Now one approach you can use is to use jqgram or PyGram to get a few trees that are close and then go on to use a true edit distance algorithm against a smaller set of trees, why spend all the computation on trees you can already easily determine are very distant, or vice versa. So you can use jqgram to narrow down choices too.

Hope the code helps some folks out.



回答4:

Here you find Java implementations of tree edit distance algorithms:

http://www.inf.unibz.it/dis/projects/tree-edit-distance

In addition to Zhang&Shasha's algorithm of 1989, there are also tree edit distance implementations of more recent algorithms including Klein 1998, Demaine et al. 2009, and the Robust Tree Edit Distance (RTED) algorithm by Pawlik&Augsten, 2011.



回答5:

I made a simple python wrapper (apted.py) for the APTED algorithm using jpype if anyone is interested:

# To use, create a folder named lib next to apted.py, then put APTED.jar into it

import os, os.path, jpype 

global distancePackage
distancePackage = None

global utilPackage
utilPackage = None

def StartJVM():
  # from http://www.gossamer-threads.com/lists/python/python/379020
  root = os.path.abspath(os.path.dirname(__file__)) 
  jpype.startJVM(jpype.getDefaultJVMPath(), 
  "-Djava.ext.dirs=%s%slib" % (root, os.sep))
  global distancePackage
  distancePackage = jpype.JPackage("distance")
  global utilPackage
  utilPackage = jpype.JPackage("util")


def StopJVM():
  jpype.shutdownJVM()


class APTED:
  def __init__(self, delCost, insCost, matchCost):
    global distancePackage
    if distancePackage is None:
      raise Exception("Need to call apted.StartJVM() first")
    self.myApted = distancePackage.APTED(float(delCost), float(insCost), float(matchCost))

  def nonNormalizedTreeDist(self, lblTreeA, lblTreeB):
    return self.myApted.nonNormalizedTreeDist(lblTreeA.myLblTree, lblTreeB.myLblTree)


class LblTree:
  def __init__(self, treeString):
    global utilPackage
    if utilPackage is None:
      raise Exception("Need to call apted.StartJVM() first")

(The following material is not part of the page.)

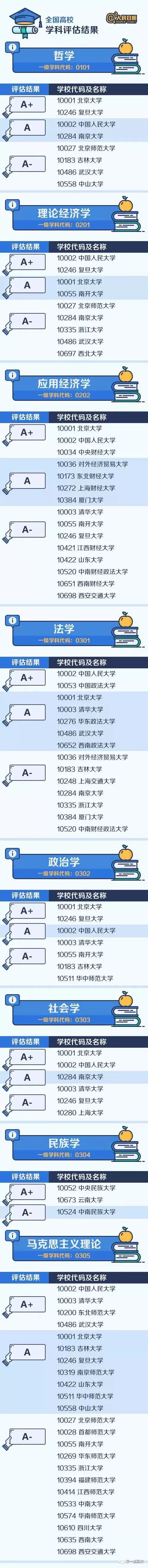 人民日报微博专门收拾汇总了 A类学科(包含A+、A、A-三档),来看看这些我国最顶尖的学科名单都散布在哪些大学?

    self.myLblTree = utilPackage.LblTree.fromString(treeString)

'''
# Example usage:

import apted
apted.StartJVM()
aptedDist = apted.APTED(delCost=1, insCost=1, matchCost=1)
treeA = apted.LblTree('{a}')
treeB = apted.LblTree('{b{c}}')
dist = aptedDist.nonNormalizedTreeDist(treeA, treeB)
print dist


# When you are done using apted
apted.StopJVM()
# For some reason it doesn't usually let me start it again and crashes python upon exit when I do this so call only as needed
'''


回答6:

There is a journal version of the ICALP2007 paper you refer to at http://www.wisdom.weizmann.ac.il/~oweimann/Publications/TEDinTALG.pdf This version also has a pseudocode.



回答7:

There are many variations of tree edit distance. If you can go with top-down tree edit distance, which limits insertions and deletes to the leaves, I suggest trying the following paper: http://portal.acm.org/citation.cfm?id=671669&dl=GUIDE&coll=GUIDE&CFID=68408627&CFTOKEN=54202965. The implementation is a straightforward dynamic programming matrix with O(n2) cost.



回答8:

I think you're just looking for the shortest path between two verticies. If so, you can use Dijkstra's algorithm. (The wikipedia page has pseudocode on it for you to refer to.)